== SUPPLIED RECORDS ==
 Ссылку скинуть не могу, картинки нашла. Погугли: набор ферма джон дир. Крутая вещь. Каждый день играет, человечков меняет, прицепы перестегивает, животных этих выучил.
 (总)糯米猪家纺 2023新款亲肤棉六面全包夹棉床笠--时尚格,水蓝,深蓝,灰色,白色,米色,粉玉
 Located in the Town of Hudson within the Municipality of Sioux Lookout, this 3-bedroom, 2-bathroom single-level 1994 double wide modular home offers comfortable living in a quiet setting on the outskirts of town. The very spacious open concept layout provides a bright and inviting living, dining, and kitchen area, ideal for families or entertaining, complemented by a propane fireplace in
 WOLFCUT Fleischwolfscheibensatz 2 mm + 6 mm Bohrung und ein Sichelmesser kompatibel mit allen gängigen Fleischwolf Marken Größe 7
===
== SUPPLIED RECORDS ==
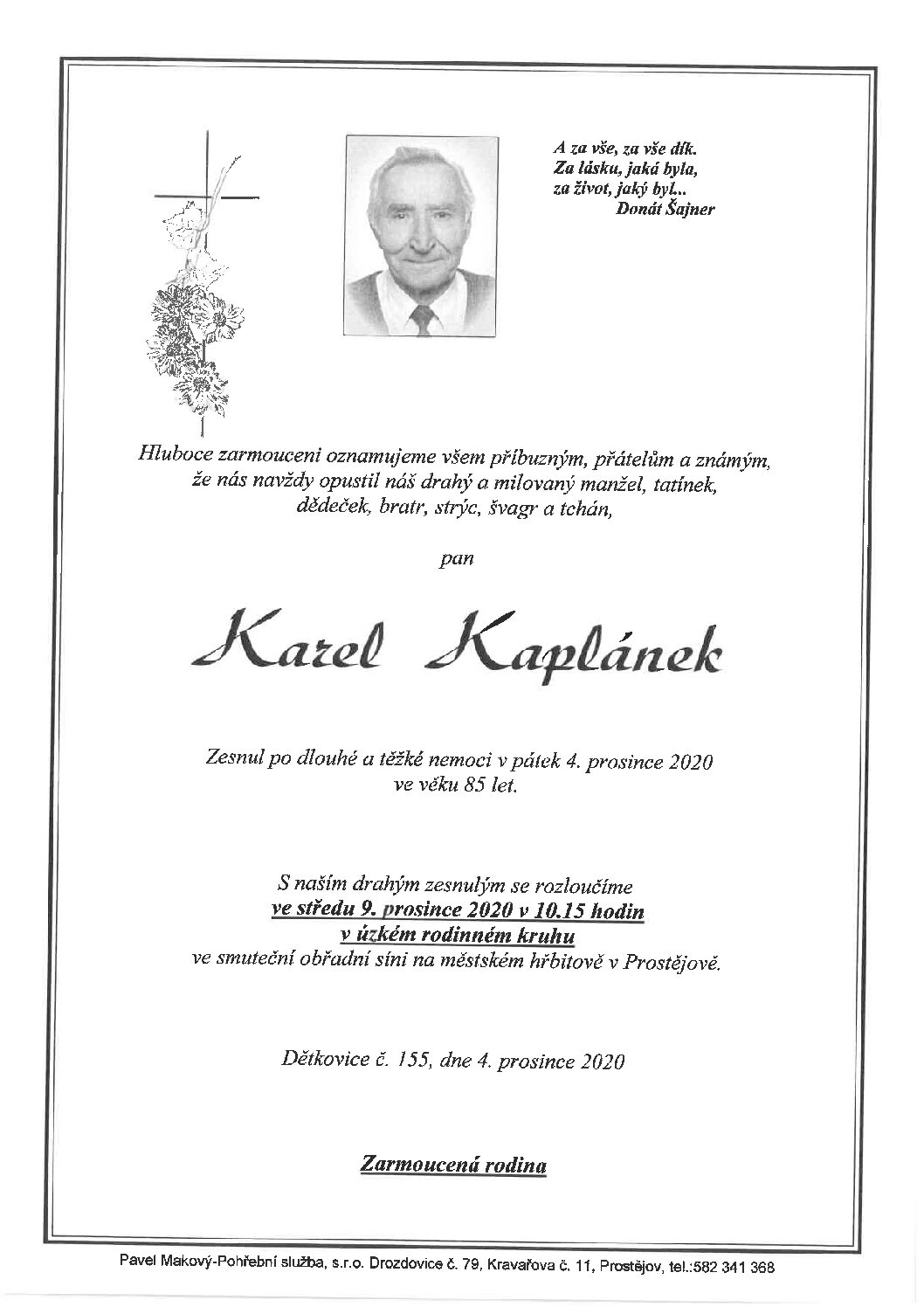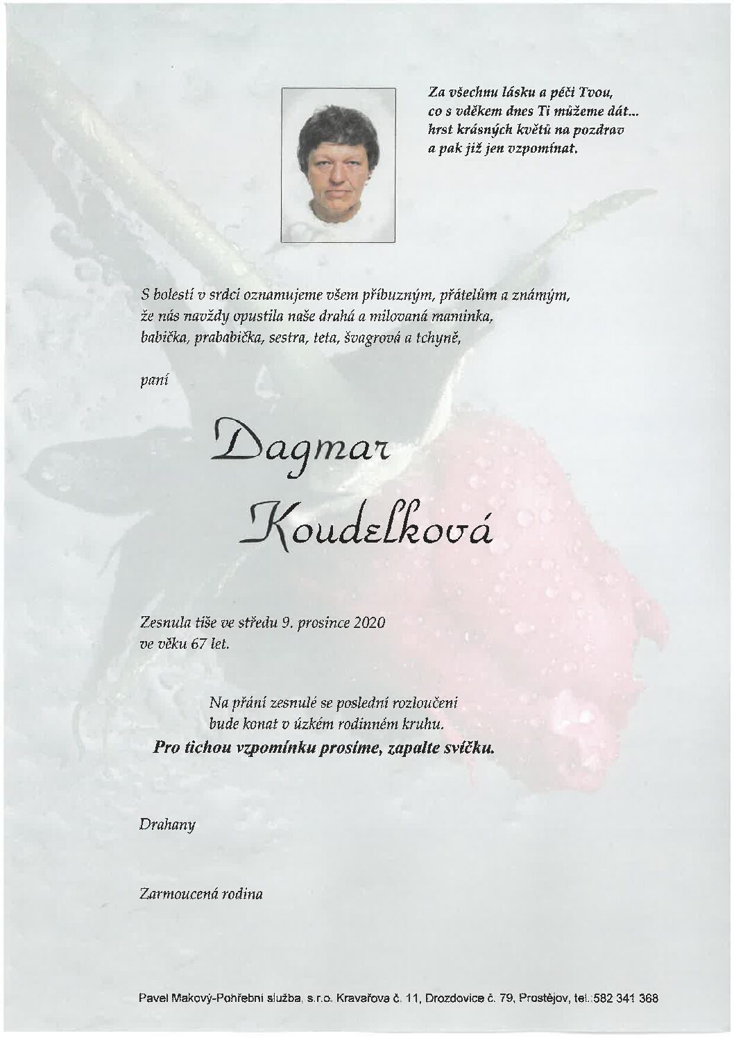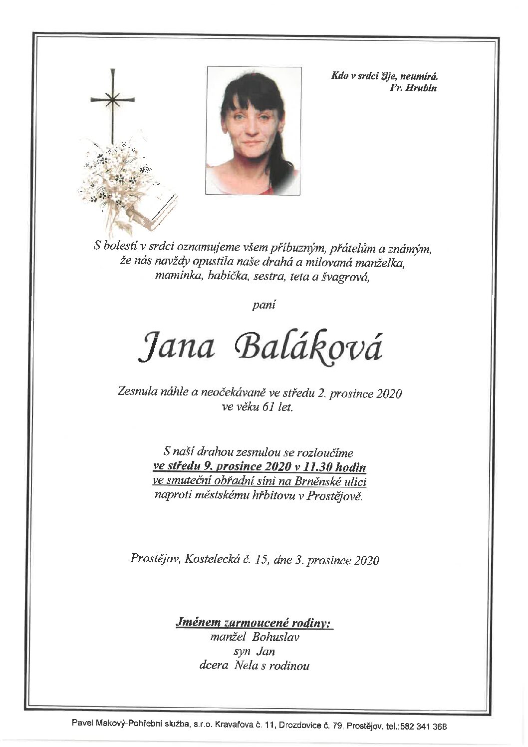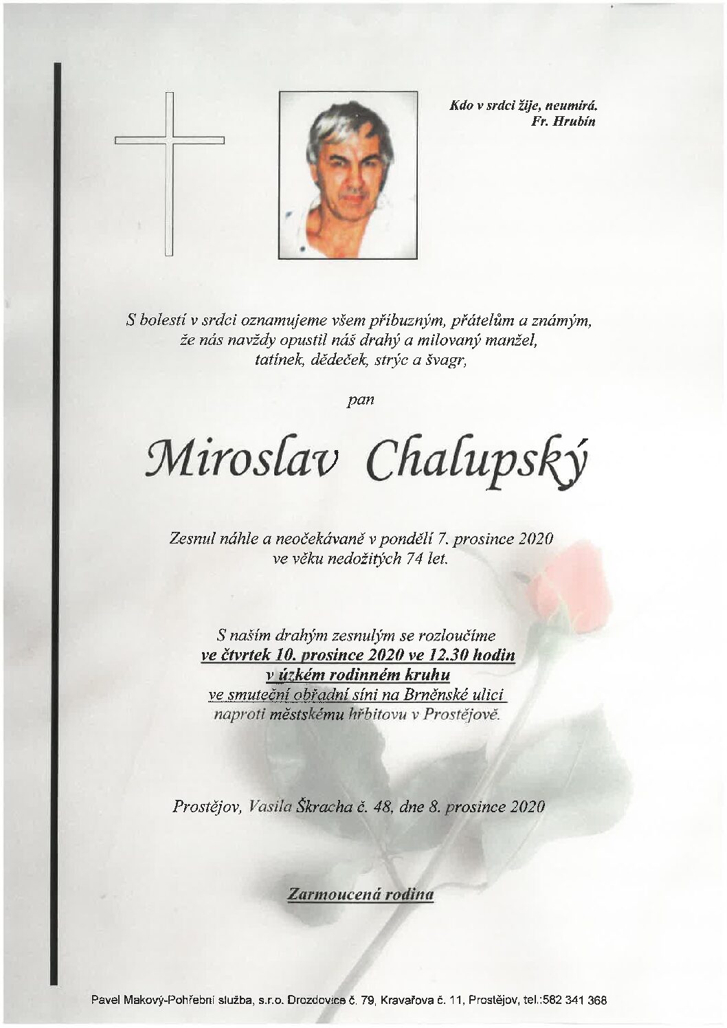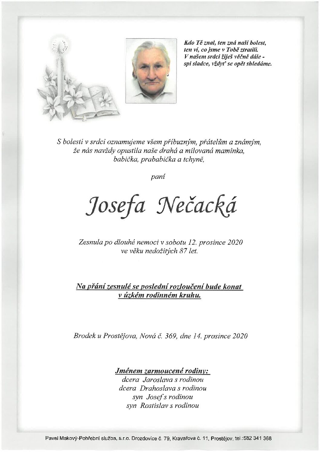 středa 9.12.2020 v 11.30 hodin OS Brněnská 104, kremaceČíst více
===
WORK TASK -
Print exactly the lines above, between the one holding "(总)糯米猪家纺 2023新" and the one holding "Located in the", inclusive, and nothing besides.

OUTPUT FOR THIS EXERCISE -
 (总)糯米猪家纺 2023新款亲肤棉六面全包夹棉床笠--时尚格,水蓝,深蓝,灰色,白色,米色,粉玉
 Located in the Town of Hudson within the Municipality of Sioux Lookout, this 3-bedroom, 2-bathroom single-level 1994 double wide modular home offers comfortable living in a quiet setting on the outskirts of town. The very spacious open concept layout provides a bright and inviting living, dining, and kitchen area, ideal for families or entertaining, complemented by a propane fireplace in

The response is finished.